Devil's Peak
- Author: Deon Meyer
- Original title: Infanta
- Translator: K. L. Seeger
- Language: Afrikaans
- Series: Benny Griessel Mysteries
- Genre: Crime
- Set in: 2004
- Published: 2004
- Publisher: Hodder & Stoughton
- Publication place: South Africa
- Published in English: 2007
- Pages: 409
- ISBN: 978-0-340-82265-4 (Eng. trans.)
- Followed by: Thirteen Hours

= Devil's Peak (novel) =

2007 novel by Deon Meyer

Devil's Peak is a detective novel by South African novelist Deon Meyer, first published in Afrikaans under the title Infanta in 2004. The English translation by K. L. Seeger was published under the title Devil's Peak in 2007, and it has since been translated into a number of other languages.

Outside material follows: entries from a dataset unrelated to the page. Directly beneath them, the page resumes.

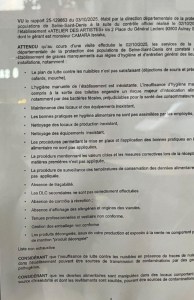 - Manque de propreté des locaux (nettoyage des espaces de production et des équipements « insuffisant », sortie des toilettes pas aux normes)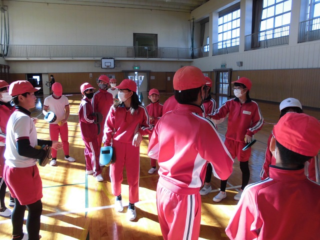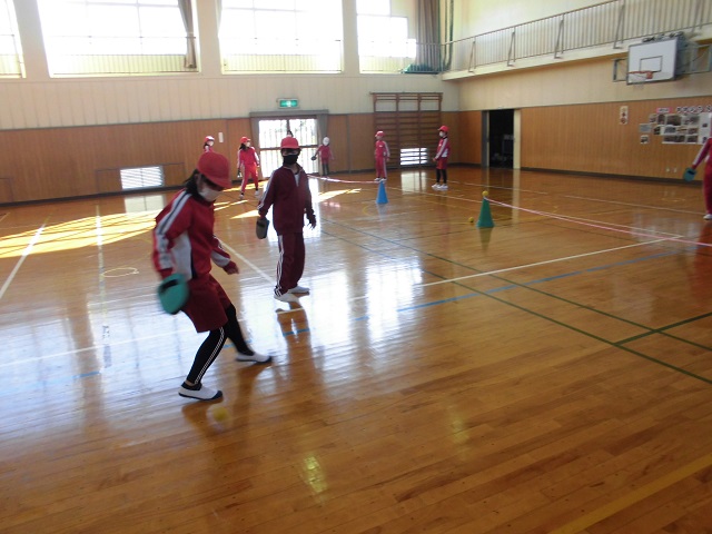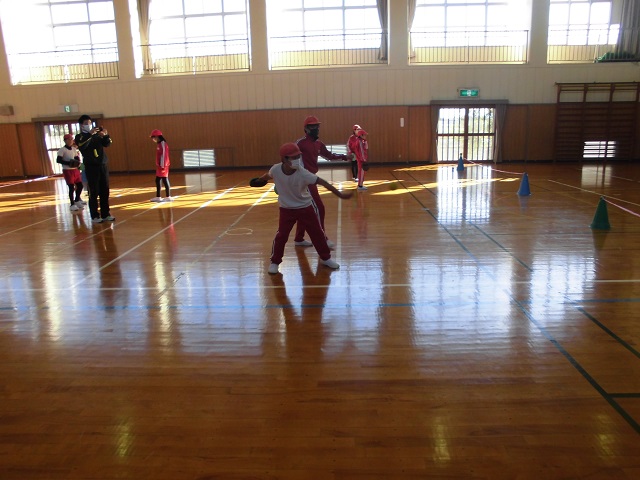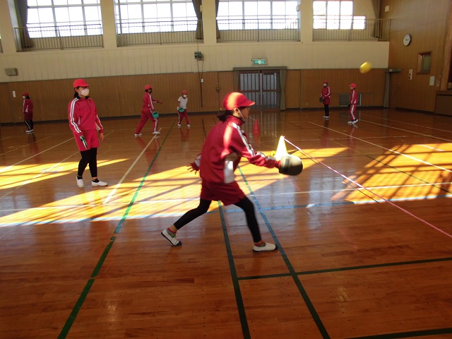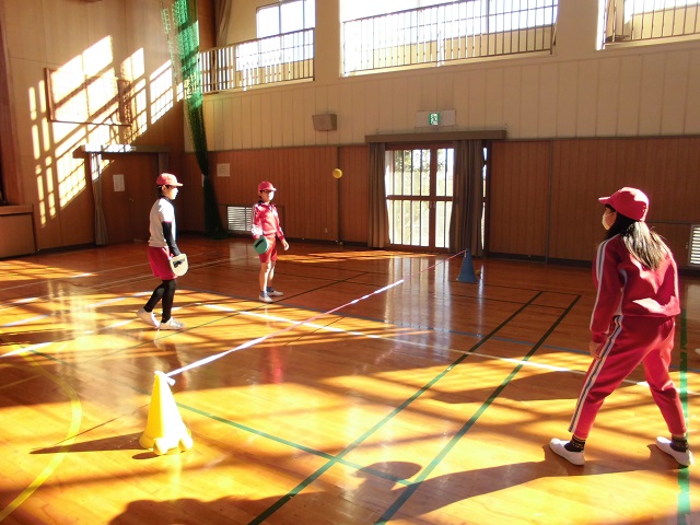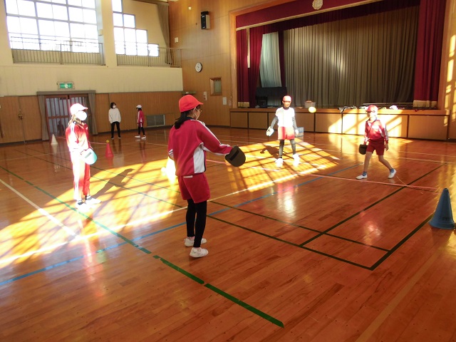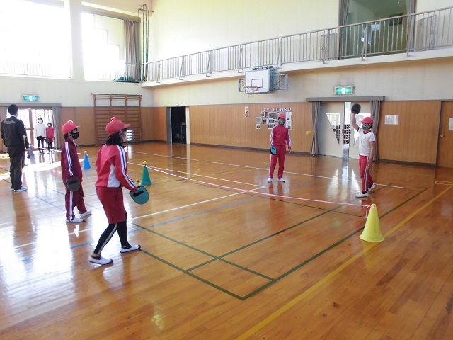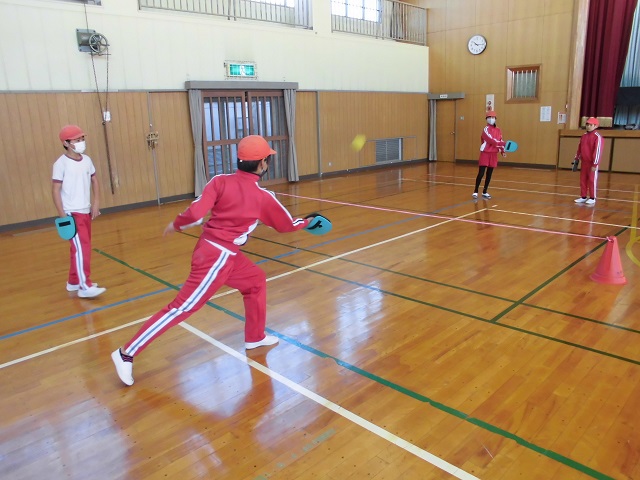 6年生は体育の時間にテニピンという競技を行っています。スポンジのボールを手にはめたグローブのようなラケットでテニスのように打ち合う競技です。子ども達は慣れるまでは難しそうにしていましたが、次第に上手に打ち合えるようになってきました。ペアでゲームができるようにまで上達した子もいました。体育館は風の影響も少なく、適度な広さで担任手作りの簡易ネットをはさんで楽しそうに競技をしていました。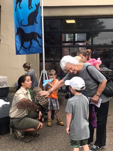 Huntingdon, Tenn.—Rain storms cancelled several area events Saturday, but not the Huntingdon Heritage Day Festival. Activities including live music, pottery exhibitions, a balloon artist, craft making and face painting, food trucks, and the Paris Landing Birds of Prey demonstrations by Amy O’Brien. A good crowd was on hand for the festivities which were punctuated by on and off rain. Top photo shows hardy customers lining up for Rolling Snow’s creations, despite the rain (photo by Rolling Snow), while Amy O’Brien shows a Barred Owl from Paris Landing State Park (photo by Lori Nolen).

This novel begins a series of seven detective novels featuring Inspector Benny Griessel.

== Plot summary ==
Thobela Mpayipheli is a former Umkhonto we Sizwe soldier and KGB assassin, who hangs up his boots to take care of his adopted son Pakamile. When Pakamile is killed in a random shooting by armed robbers, Thobela has only one thing on his mind: to do justice and hunt down child abusers across the country. He becomes a vigilante. Inspector Griessel, an alcoholic, takes charge of the investigation but he must also deal with his family problems. Intertwined with this is the story of Christine, a prostitute who becomes involved with a Colombian drug dealer and fears for her child.

==Adaptations==

Devil's Peak was adapted as a five-episode TV series for M-Net, with Hilton Pelser starring as Benny Griessel. Written by Matthew Orton in consultation with Meyer, the series was directed by Jozua Malherbe and filmed in Cape Town. It also stars Shamilla Miller, Sisanda Henna, Gérard Rudolf, Masasa Mbangeni, and others. The series aired on M-Net from 29 October 2023, with BBC Studios handling international distribution rights.